General notes

This is an aggregation of titbits and useful notes that the developer feels are worth sharing.

Using the NUPACK website

If you are comparing the result of the tests with the online NUPACK website, it is common for a disparity whereby ToeholdTools suggests an RNA activates the toehold switch but the website disagrees. This is due to a difference in thermodynamic models used, since this package uses NUPACK 4 whereas the NUPACK website uses NUPACK 3.

Note

This information is accurate as of 28/09/2021. However, the developer understands that NUPACK hopes to release a new version of their website integrating NUPACK 4. Therefore by the time you read this the information may be out of date.

However, if you must emulate the website’s behavior, we provide the class thtools.utils.ModelNu3, which subclasses nupack.Model. The majority of the ToeholdTools suite has a model argument you can pass an instance of this object to.

Performance

For performance, thtools.core is compiled via Cython, and uses pathos.multiprocessing for distributing work across CPU cores [McKerns et al., 2012].

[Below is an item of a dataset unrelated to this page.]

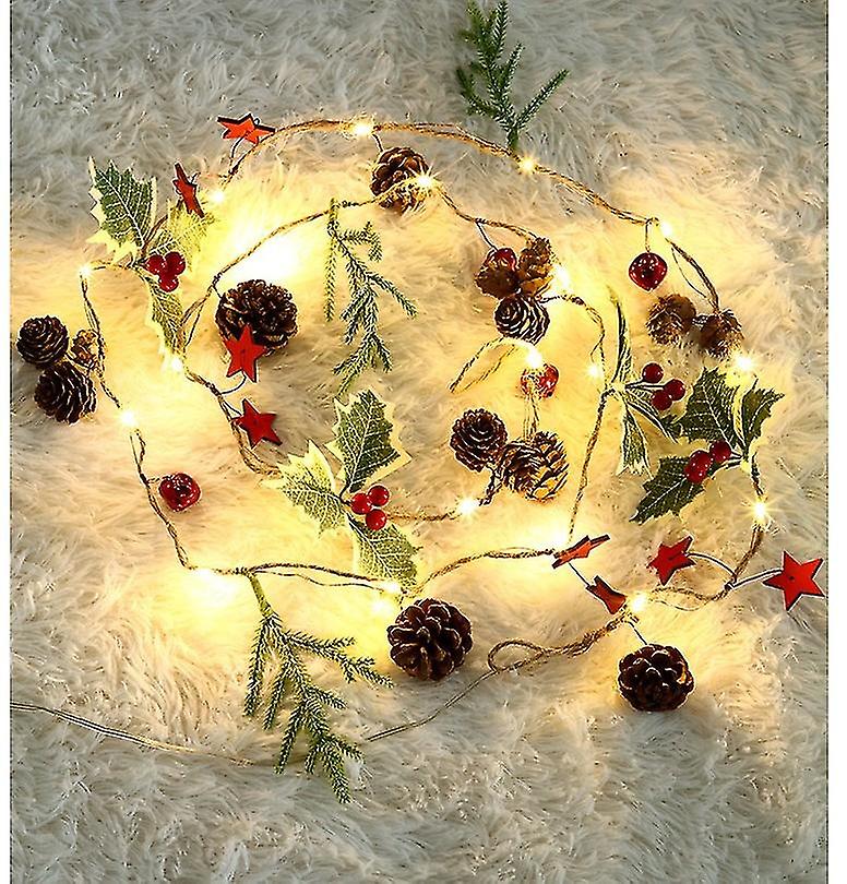 Pine Cones Christmas Light Garland, 2M 20 LEDs Christmas Lights with Red Berries Bell Garden Garland

The majority of runtime is taken up by NUPACK simulations which we have no control over. However, we have made reasonable effort to bring down the time of analysing the results that NUPACK returns. Future releases may improve upon this by internally using GIL-free processing of typed memoryviews using OpenMP.

Tracking Progress

Since testing against databases which are thousands of RNAs long will take several minutes, we provide a few options you have if you wish to view the progress.

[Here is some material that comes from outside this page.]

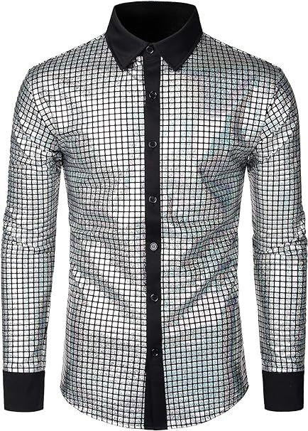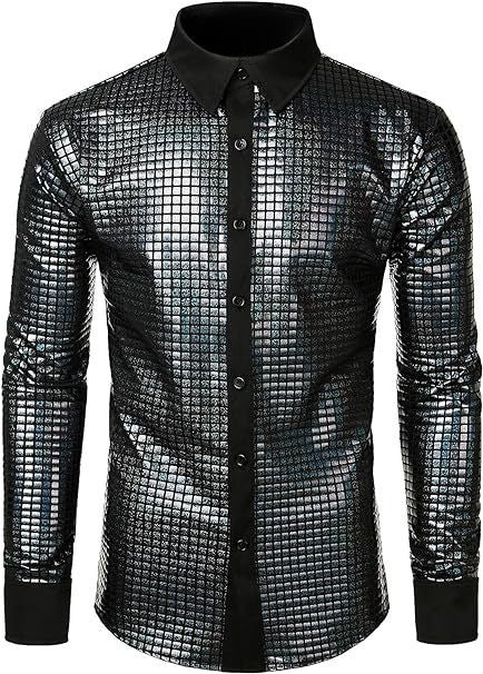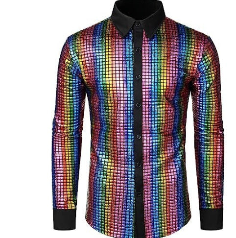 Performance Wear Sequined Casual Shirt Fashion Shiny Surface Lapel

Firstly, you can set thtools.core.USE_TIMER to True. This will make the test print from each CPU core, both when it has finished running the NUPACK simulation and also when it has finished processing the result. This will not slow down the test at all, but may not be helpful since the majority of the time is taken up by NUPACK’s algorithms, so there will not be much time difference between the first set of printing (after the initial simulations) and the end of the whole test itself.

Second, you can use the generate() methods of ToeholdTest and CelsiusRangeTest in lieu of run(). This will return a generator that you can iterate through using something like tqdm to track the progress. By itself, that will not be helpful, since there is only one worker process per CPU core by default (and so the progress bar will not update until the very end), but you can change that using the chunks_per_node argument.

Note

For ToeholdTest only, the caveat is that using many small chunks instead of few large ones reduces performance significantly since NUPACK cannot cache free energy values across separate simulations.

For example:

import thtools as tt
from tqdm.autonotebook import tqdm

my_fasta = tt.FParser.fromspecies("Acyrthosiphon pisum")  # grab miRNAs from miRBase
my_test = tt.autoconfig(
    ths=(
        "UUAGCCGCUGUCACACGCAC"
        "AGGGAUUUACAAAAAGAGGA"
        "GAGUAAAAUGCUGUGCGUGC"
        "ACCAUAAAACGAACAUAGAC"
    ),
    rbs="AGAGGAGA",
    triggers=my_fasta.seqs,
    names=my_fasta.ids,  # maps each name -> trigger
    const_rna=[],
    set_size=1,
)
my_generator = my_test.generate(max_size=3, n_samples=100, chunks_per_node=10)
for _ in tqdm(my_generator, total=my_fasta.num):
    pass  # iterate through progress bar
result = my_test.result
print(result.prettify(dp=4))

Naturally, since the generate() methods return generators, not the results, you cannot receive the result the same way as in run(). However, the results of both ToeholdTest and CelsiusRangeTest are stored in the result attribute.